Construction Quality: NRIs believe that the quality of construction material is not as promised by the builder. Third party certification would go a long way in building up trust in this regard.
Carpet area to sale-able area ratios: Indian regulatory authorities have not defined these parameters for the real estate market, and this ambiguity results in NRIs being wary of what is quoted by a developer.
If real estate developers can build trust in the NRI investor, he will be willing to invest in this sector. To understand the volume of funds that the real estate industry can tap into, what kind of NRI remittances are we looking at targeting here?
More than $71 billion! India is the top recipient of officially recorded remittances, followed by China and Philippines a distant third. In India, these remittances are larger than the earnings from IT exports, and long term studies have found that as the rupee falls against the US dollar, these remittances to India increase. NRIs found that India was an attractive option for investment, leading to them remitting about $71 billion back to India in 2013 (according to a World Bank report), up from around $15 billion in 2001.

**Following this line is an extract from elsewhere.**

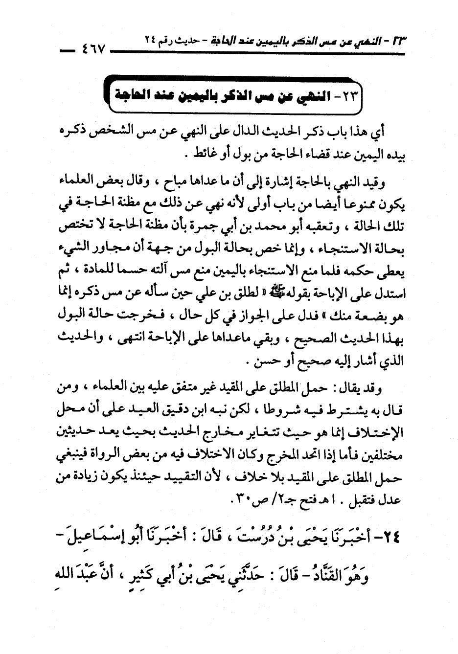 23 - النهي عن مس الذكر باليمين عند الحاجة

Falling rupee against dollar
The Rupee’s sharp fall against the US Dollar over the last few years is the major influencing factor for this NRI remittance rise. From 2008 to 2014, the Rupee fell from approximately Rs.40 to approximately Rs.62, with a low of even Rs.69. The Rupee’s free fall was halted by the intervention of the Reserve Bank of India and the Finance Ministry. The situation made inflow of funds into India a viable option.
NRI Remittances
The bulk of NRI funds are streamlined into NRE/NRO bank accounts and FCNR accounts in India. Indians living abroad see this as a safe investment versus investments in the volatile stock market, risky entrepreneurial ventures, low-return bond market or the non-professional real estate market.

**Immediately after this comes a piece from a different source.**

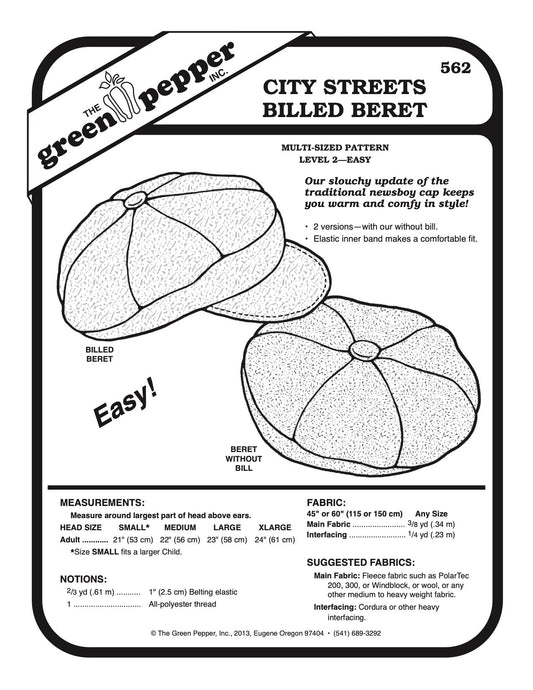 City Streets Billed Beret Pattern - 562 - The Green Pepper Patterns

NRO Account is Non-Resident Ordinary Rupee Account and is opened in one of four forms: current, savings, recurring or fixed deposit accounts. The NRI is allowed to remit from the NRO account up to $ 1 million every year, which can include sale proceeds of immovable property. If a foreign national is visiting India, he too can open a NRO account and remit funds through the banking or foreign exchange routes. NRE or Non-Resident (External) Rupee Account is the other favorite investment location for the NRI. This has the added advantage of interest income and balances being exempt from Income tax and Wealth tax. FCNR (B) is Foreign Currency Non Resident (Bank) Account, which is a term deposit, with a maximum tenure of five years. FCNRs are similar to NRE accounts, and can even be used as security to avail loans up to Rs.1 crore. The added advantage is that even if the NRI becomes a resident of India, he can still continue to receive the same rate of interest he was getting earlier. The Reserve Bank of India creates schemes to make this form of investment tempting to the NRI.
In the light of all these options, the typical NRI prefers to invest his hard-earned money in safe, government-backed routes. The real estate sector should look at how to attract these funds so that its own liquidity pressure can be eased, as well as provide a good return on investment for the NRI.